%%

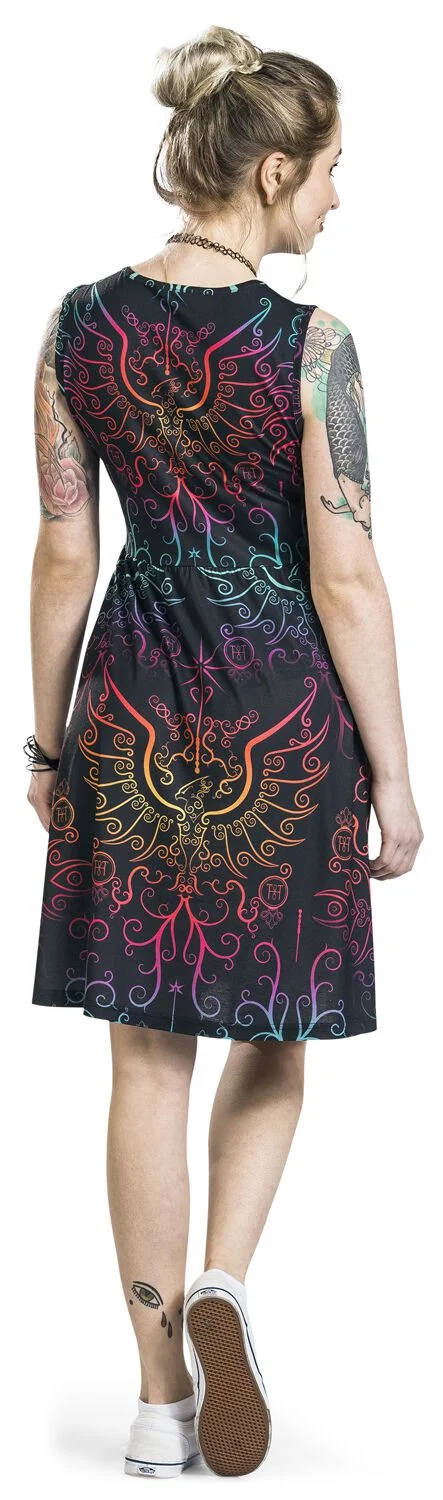 Феникс - волшебная птица, перья которой светятся, как пламя. Поклонники Гарри Поттера знают жар-птицу, которая олицетворяет возрождение. Патронус Дамблдора — феникс. Отсюда и произошло название Ордена Феникса. С этим платьем средней длины вы сможете воздать должное волшебной птице.
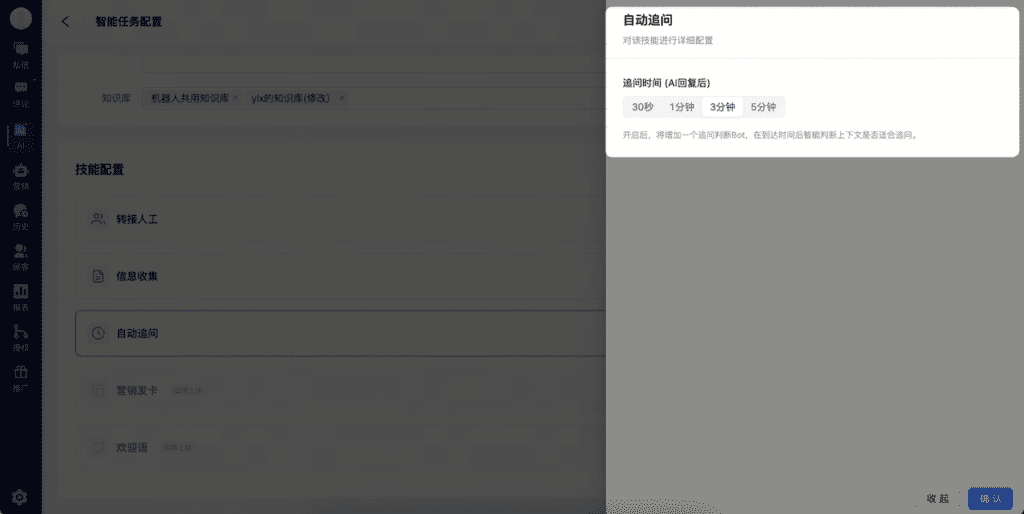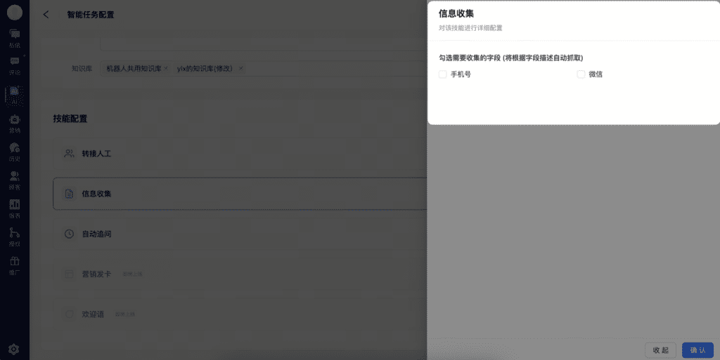 「智能任务」提供了5大AI技能,分别为转接人工、信息收集、自动追问、营销发卡与欢迎语。
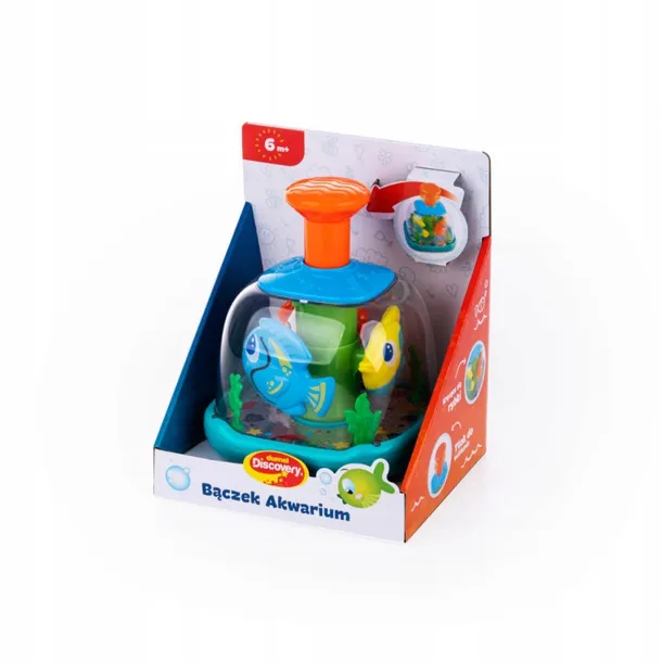 Wirująca zabawa w podwodnej odsłonie! Ten wesoły bączek jest wypełniony rybkami i morskimi roślinkami. Im szybciej maluch będzie wciskał pomarańczowy tłok, tym szybciej będą się kręcić rybki. Nasadę bączka i tłok zdobią wypukłe wzory, idealne do eksplorowania małymi rą przeznaczony jest dla dzieci od 6 miesiąca życia. Cechy produktu:kręcące się rybki;tłok do wciskania z wypustkami o zróżnicowanej fakturze;wiek: 6m+.
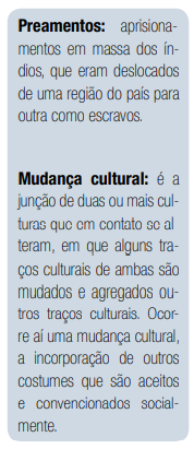 Tanto os colonizadores espanhóis quanto os portugueses empreenderam grandes preamentos de índios com o objetivo de os forçarem ao trabalho nos engenhos de açúcar, como no desmatamento para a expansão e ocupação das terras, entre outras atividades no Brasil Colônia. O contato e a interação social entre o índio e o branco foi, e ainda hoje é, de altos e baixos. De amizade e de inimizade, de concordância e de não-concordância, de uma cultura ser mais valorizada que a outra e se sobrepor a esta. Uma das consequências do contato foi um forte processo de mudança cultural, sofrida pelos povos nativos no Brasil e no mundo.
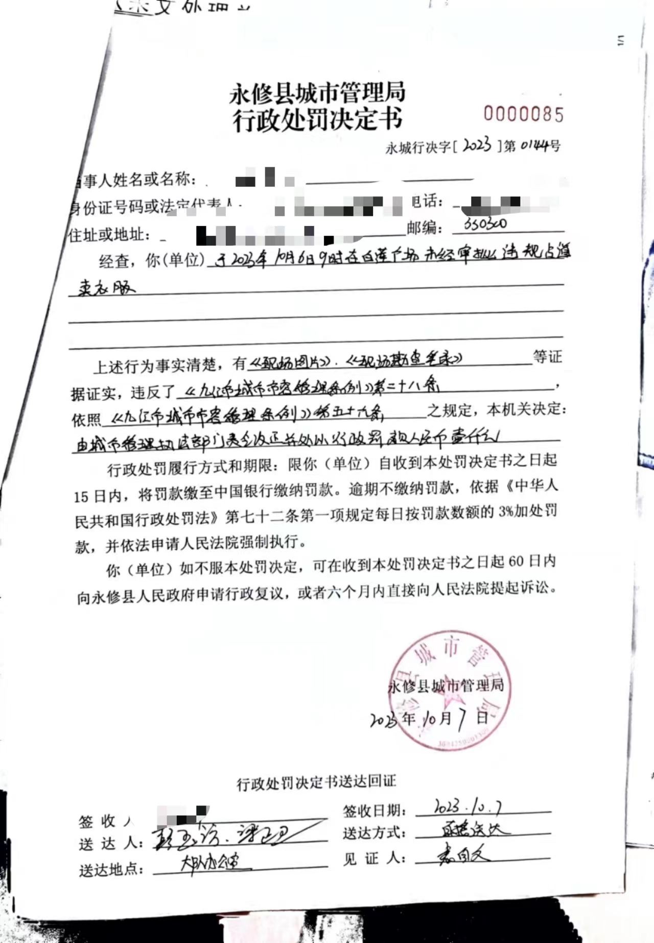 行政处罚决定书

%%

**TASK TO COMPLETE**
Reproduce every line above exactly as written, omitting the images.

**RESPONSE TO THIS EXERCISE**
 Феникс - волшебная птица, перья которой светятся, как пламя. Поклонники Гарри Поттера знают жар-птицу, которая олицетворяет возрождение. Патронус Дамблдора — феникс. Отсюда и произошло название Ордена Феникса. С этим платьем средней длины вы сможете воздать должное волшебной птице.
 「智能任务」提供了5大AI技能,分别为转接人工、信息收集、自动追问、营销发卡与欢迎语。
 Wirująca zabawa w podwodnej odsłonie! Ten wesoły bączek jest wypełniony rybkami i morskimi roślinkami. Im szybciej maluch będzie wciskał pomarańczowy tłok, tym szybciej będą się kręcić rybki. Nasadę bączka i tłok zdobią wypukłe wzory, idealne do eksplorowania małymi rą przeznaczony jest dla dzieci od 6 miesiąca życia. Cechy produktu:kręcące się rybki;tłok do wciskania z wypustkami o zróżnicowanej fakturze;wiek: 6m+.
 Tanto os colonizadores espanhóis quanto os portugueses empreenderam grandes preamentos de índios com o objetivo de os forçarem ao trabalho nos engenhos de açúcar, como no desmatamento para a expansão e ocupação das terras, entre outras atividades no Brasil Colônia. O contato e a interação social entre o índio e o branco foi, e ainda hoje é, de altos e baixos. De amizade e de inimizade, de concordância e de não-concordância, de uma cultura ser mais valorizada que a outra e se sobrepor a esta. Uma das consequências do contato foi um forte processo de mudança cultural, sofrida pelos povos nativos no Brasil e no mundo.
 行政处罚决定书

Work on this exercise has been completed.